--- DATA ---
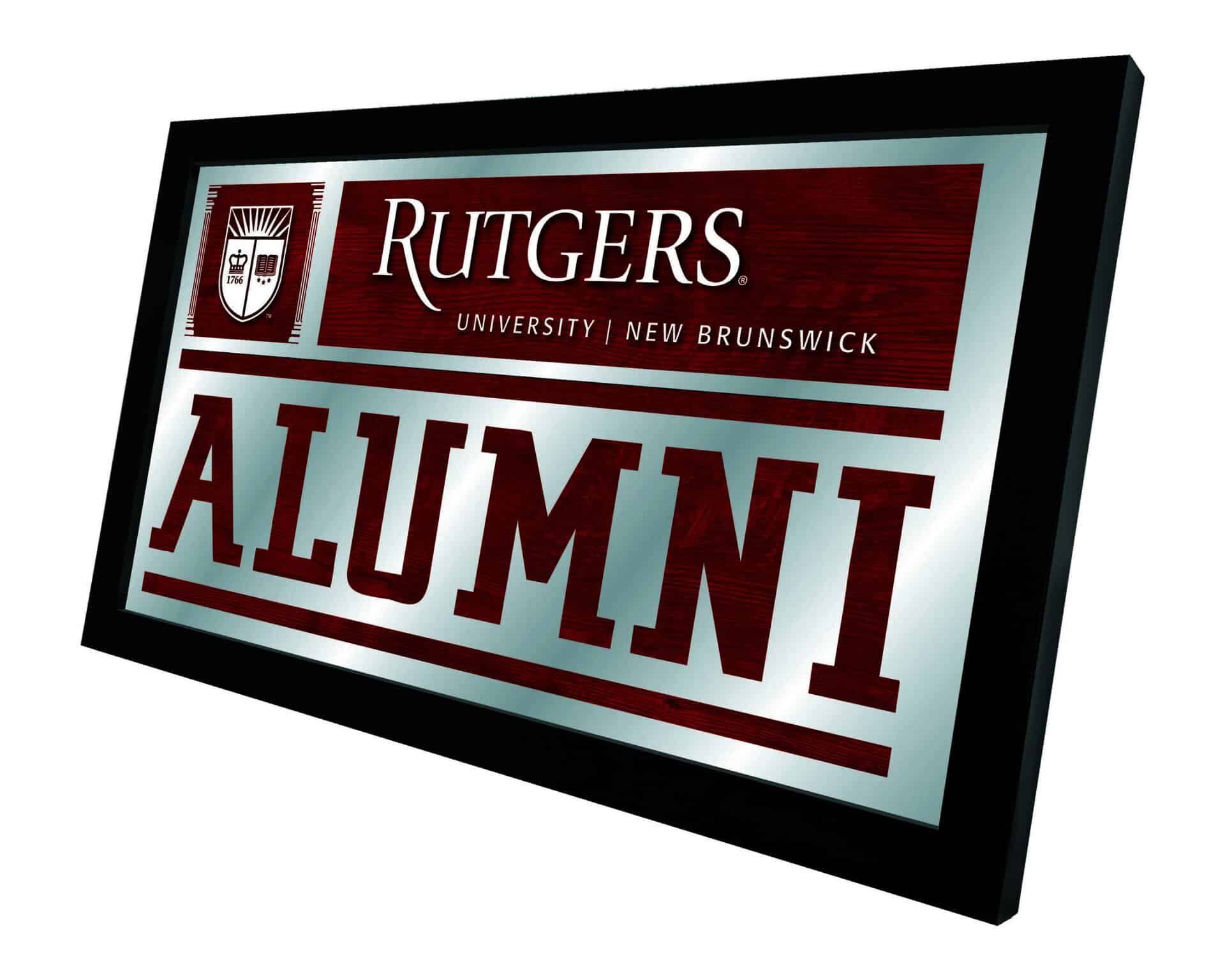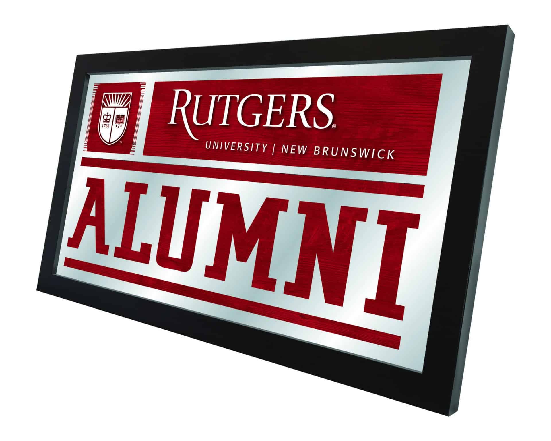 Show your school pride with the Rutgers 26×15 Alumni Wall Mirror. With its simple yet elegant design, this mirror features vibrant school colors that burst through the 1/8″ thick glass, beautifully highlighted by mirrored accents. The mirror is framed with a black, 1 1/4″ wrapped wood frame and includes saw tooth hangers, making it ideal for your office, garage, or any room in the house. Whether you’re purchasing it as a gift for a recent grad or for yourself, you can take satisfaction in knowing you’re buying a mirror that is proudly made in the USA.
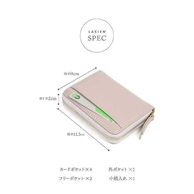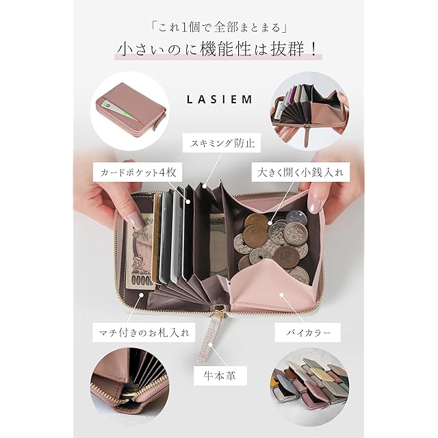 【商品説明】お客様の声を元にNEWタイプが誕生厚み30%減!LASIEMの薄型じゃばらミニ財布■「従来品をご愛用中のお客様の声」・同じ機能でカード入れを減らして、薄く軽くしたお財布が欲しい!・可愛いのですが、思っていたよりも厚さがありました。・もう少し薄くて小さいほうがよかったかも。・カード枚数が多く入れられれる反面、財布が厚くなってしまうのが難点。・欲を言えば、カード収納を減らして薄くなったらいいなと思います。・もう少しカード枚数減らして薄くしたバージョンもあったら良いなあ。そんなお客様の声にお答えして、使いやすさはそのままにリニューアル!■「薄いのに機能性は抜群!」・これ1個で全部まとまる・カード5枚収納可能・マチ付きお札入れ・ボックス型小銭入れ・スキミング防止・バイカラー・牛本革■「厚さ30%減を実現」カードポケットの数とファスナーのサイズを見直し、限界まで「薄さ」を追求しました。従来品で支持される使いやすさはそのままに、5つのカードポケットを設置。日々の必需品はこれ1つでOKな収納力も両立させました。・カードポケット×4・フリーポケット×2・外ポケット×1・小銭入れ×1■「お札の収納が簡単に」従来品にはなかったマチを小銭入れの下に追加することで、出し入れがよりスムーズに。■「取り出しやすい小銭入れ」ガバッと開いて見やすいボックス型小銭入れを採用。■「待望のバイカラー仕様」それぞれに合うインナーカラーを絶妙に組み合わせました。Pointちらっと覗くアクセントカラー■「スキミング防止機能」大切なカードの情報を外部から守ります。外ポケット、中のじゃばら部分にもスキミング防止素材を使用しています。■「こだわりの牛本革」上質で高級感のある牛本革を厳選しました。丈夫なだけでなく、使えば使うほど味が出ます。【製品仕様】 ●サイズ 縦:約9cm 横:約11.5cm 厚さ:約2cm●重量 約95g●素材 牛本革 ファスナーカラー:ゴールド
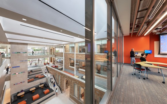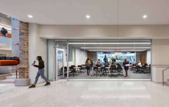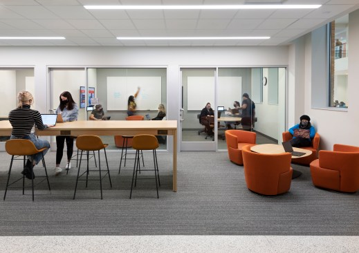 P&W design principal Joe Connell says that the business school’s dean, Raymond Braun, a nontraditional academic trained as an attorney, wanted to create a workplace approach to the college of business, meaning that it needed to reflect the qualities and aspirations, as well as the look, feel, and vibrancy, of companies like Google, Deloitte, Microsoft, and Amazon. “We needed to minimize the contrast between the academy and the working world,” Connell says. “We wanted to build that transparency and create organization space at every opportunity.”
---
▶ _TASK TO COMPLETE_
Please print all the data above word for word. Pictures should not appear in the copy.

▶ _FINISHED EXERCISE_
 Show your school pride with the Rutgers 26×15 Alumni Wall Mirror. With its simple yet elegant design, this mirror features vibrant school colors that burst through the 1/8″ thick glass, beautifully highlighted by mirrored accents. The mirror is framed with a black, 1 1/4″ wrapped wood frame and includes saw tooth hangers, making it ideal for your office, garage, or any room in the house. Whether you’re purchasing it as a gift for a recent grad or for yourself, you can take satisfaction in knowing you’re buying a mirror that is proudly made in the USA.
 【商品説明】お客様の声を元にNEWタイプが誕生厚み30%減!LASIEMの薄型じゃばらミニ財布■「従来品をご愛用中のお客様の声」・同じ機能でカード入れを減らして、薄く軽くしたお財布が欲しい!・可愛いのですが、思っていたよりも厚さがありました。・もう少し薄くて小さいほうがよかったかも。・カード枚数が多く入れられれる反面、財布が厚くなってしまうのが難点。・欲を言えば、カード収納を減らして薄くなったらいいなと思います。・もう少しカード枚数減らして薄くしたバージョンもあったら良いなあ。そんなお客様の声にお答えして、使いやすさはそのままにリニューアル!■「薄いのに機能性は抜群!」・これ1個で全部まとまる・カード5枚収納可能・マチ付きお札入れ・ボックス型小銭入れ・スキミング防止・バイカラー・牛本革■「厚さ30%減を実現」カードポケットの数とファスナーのサイズを見直し、限界まで「薄さ」を追求しました。従来品で支持される使いやすさはそのままに、5つのカードポケットを設置。日々の必需品はこれ1つでOKな収納力も両立させました。・カードポケット×4・フリーポケット×2・外ポケット×1・小銭入れ×1■「お札の収納が簡単に」従来品にはなかったマチを小銭入れの下に追加することで、出し入れがよりスムーズに。■「取り出しやすい小銭入れ」ガバッと開いて見やすいボックス型小銭入れを採用。■「待望のバイカラー仕様」それぞれに合うインナーカラーを絶妙に組み合わせました。Pointちらっと覗くアクセントカラー■「スキミング防止機能」大切なカードの情報を外部から守ります。外ポケット、中のじゃばら部分にもスキミング防止素材を使用しています。■「こだわりの牛本革」上質で高級感のある牛本革を厳選しました。丈夫なだけでなく、使えば使うほど味が出ます。【製品仕様】 ●サイズ 縦:約9cm 横:約11.5cm 厚さ:約2cm●重量 約95g●素材 牛本革 ファスナーカラー:ゴールド
 P&W design principal Joe Connell says that the business school’s dean, Raymond Braun, a nontraditional academic trained as an attorney, wanted to create a workplace approach to the college of business, meaning that it needed to reflect the qualities and aspirations, as well as the look, feel, and vibrancy, of companies like Google, Deloitte, Microsoft, and Amazon. “We needed to minimize the contrast between the academy and the working world,” Connell says. “We wanted to build that transparency and create organization space at every opportunity.”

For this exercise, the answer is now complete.